Given data below:

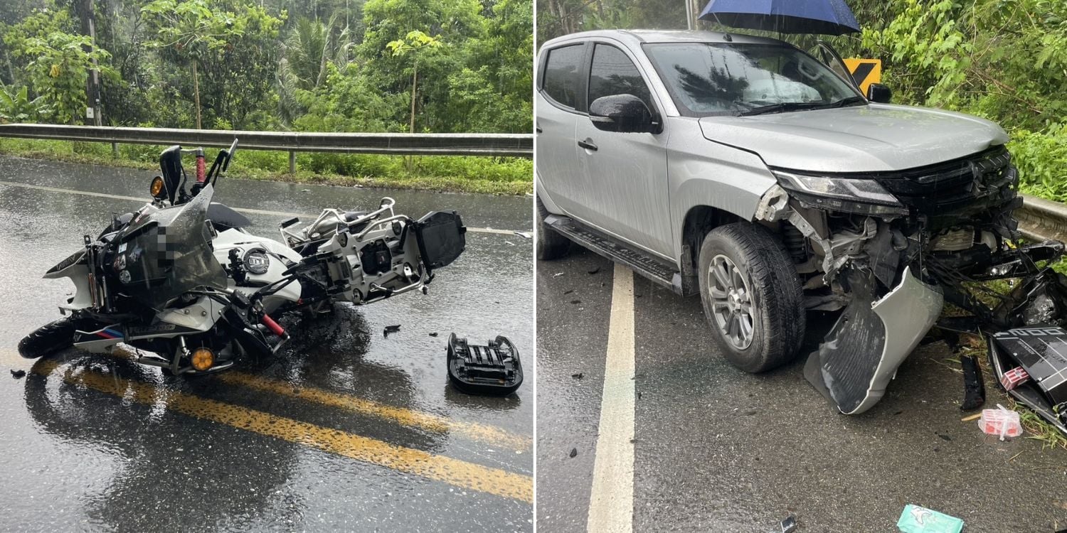 The police shared photos showing the damaged, Singapore-registered motorcycle lying on the wet road with debris around it.
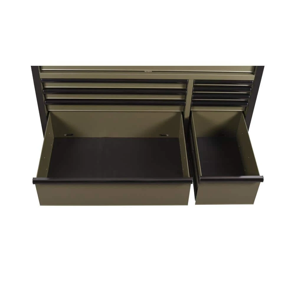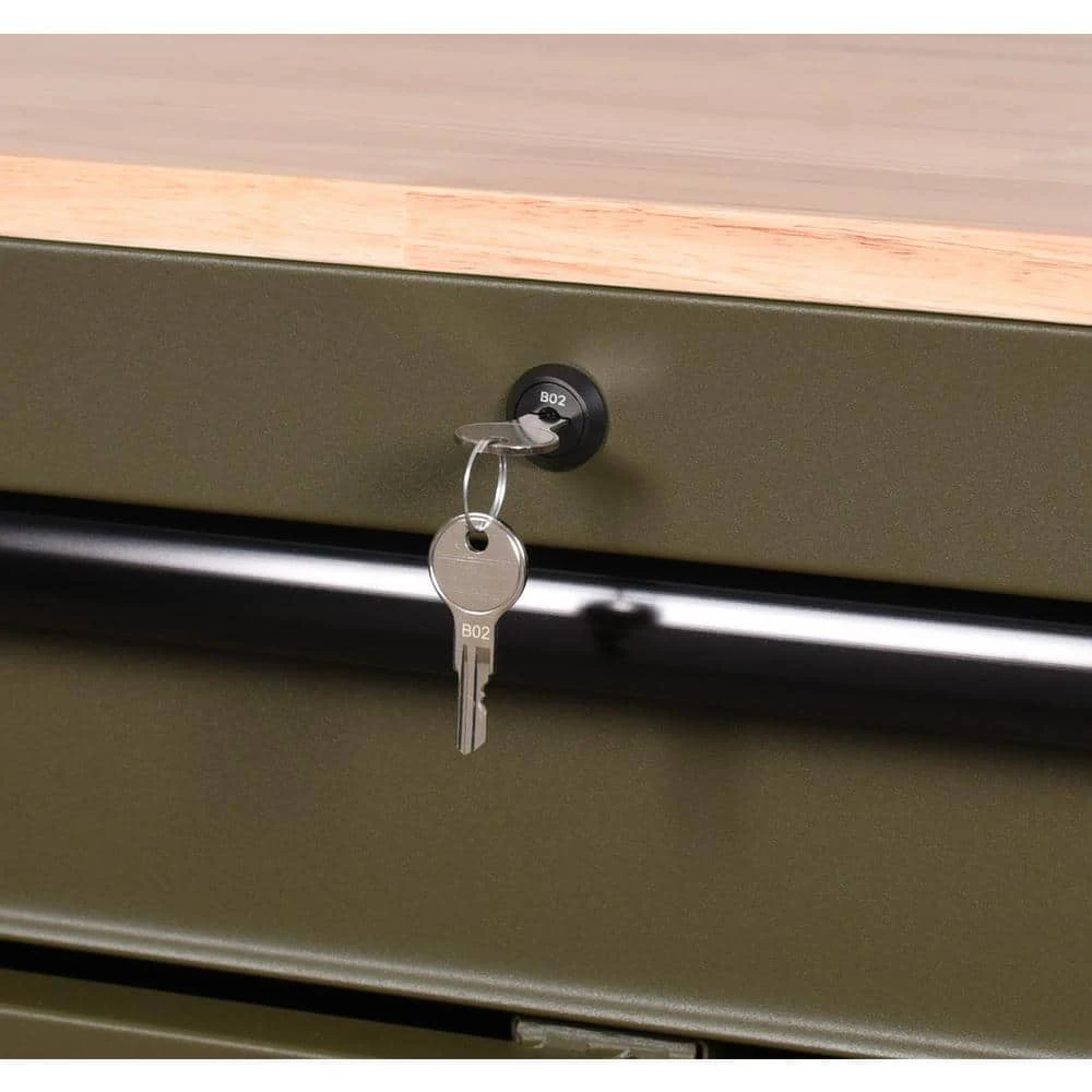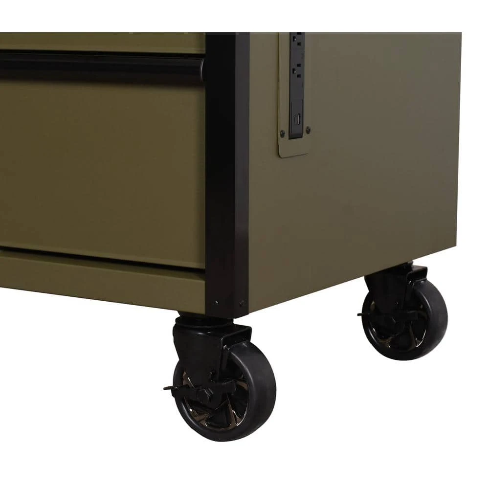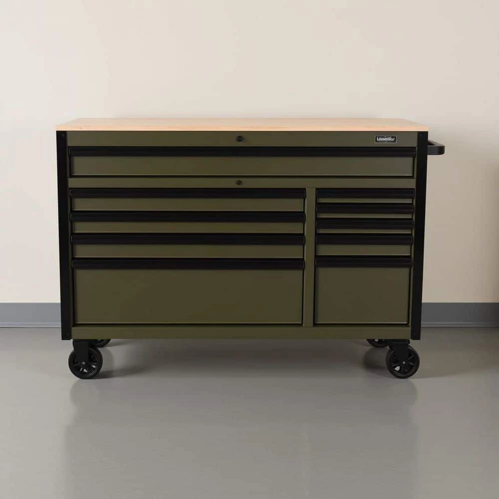 The Husky Limited Edition 52 in. W x 24.5 in. D 10-Drawer Matte Army Green Mobile Workbench with Solid Wood Top is here. This workbench is constructed of 21-Gauge steel and has a large wood surface for all your projects. The 10-drawers combine for 22,616 cu. in. of storage space. All drawers glide effortlessly on 100 lbs. rated ball-bearing slides. These slides are also equipped with a soft-closing mechanism that prevents your drawers from slamming shut. Each drawer also has a pre-cut liner inside to help keep your tools in place. On the side of the workbench is an integrated power strip that has 6-outlets and 2 USB ports. Storage hooks are available when cord is not in use. Finally, there are 5 in. x 2 in. casters and a push handle that will allow you to move the workbench around your work space with ease.
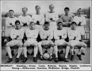 Bromley were reigning FA Amateur Cup holders. They had just beaten Romford at Wembley – the first final to be held there – watched by more than 93,000 spectators. A talented team included internationals Ken Yenson and Charlie Fuller; half-back Eric Fright played for the Great Britain Olympic squad, as did Tommy Hopper. Prolific striker George Brown scored 129 times that season.
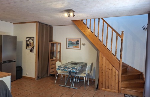 It is equipped to accommodate 4 people with 2 bedrooms (one with a double bed of 160 and one with 2 bunk beds), a bathroom with shower and WC on the floor. On the ground floor an open kitchen and a living room with a sofa convertible into a 160 bed. A terrace and a garden not overlooked allow you to fully enjoy the outdoors in the shade of the trees.
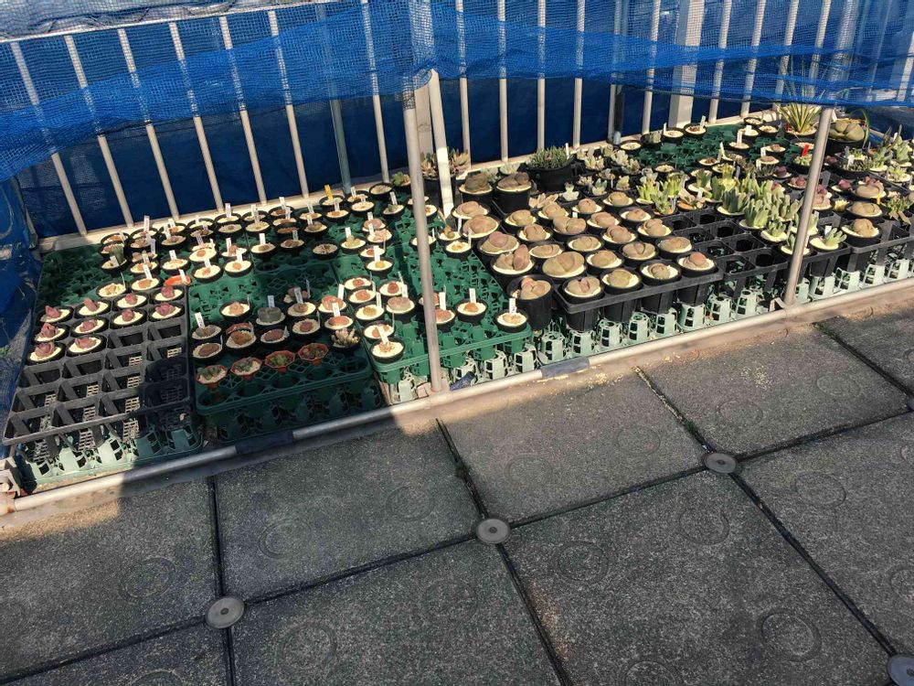 西武百貨店の屋上でショップを出している鶴仙園の本店に行きました。駒込にあります。駒込駅より10〜15分程で本店に到着。駒込は坂が多く、古い住宅街になるのでキョロキョロと家々を見ながら行きました。思いこみがあって、このような道幅も狭い住宅街で、どんな大きな温室があるかと探していましたが、マンションの一室の作業場と3階にある温室でした。ちょっと拍子抜けでしたが、栽培しつつ販売もそして、お話と。忘れられない体験となりましたね(*^^*)。3階の温室は、サボテンがびっしりでした。温室前のメセン(帝玉など)が並んでいます。

End of Given data.

▸ **Your instructions**: Above, find the line with "Bromley were reigning"; copy it and every line down to the line with "It is equipped", exactly and both included, but no pictures.

▸ **Result for this task**:
 Bromley were reigning FA Amateur Cup holders. They had just beaten Romford at Wembley – the first final to be held there – watched by more than 93,000 spectators. A talented team included internationals Ken Yenson and Charlie Fuller; half-back Eric Fright played for the Great Britain Olympic squad, as did Tommy Hopper. Prolific striker George Brown scored 129 times that season.
 It is equipped to accommodate 4 people with 2 bedrooms (one with a double bed of 160 and one with 2 bunk beds), a bathroom with shower and WC on the floor. On the ground floor an open kitchen and a living room with a sofa convertible into a 160 bed. A terrace and a garden not overlooked allow you to fully enjoy the outdoors in the shade of the trees.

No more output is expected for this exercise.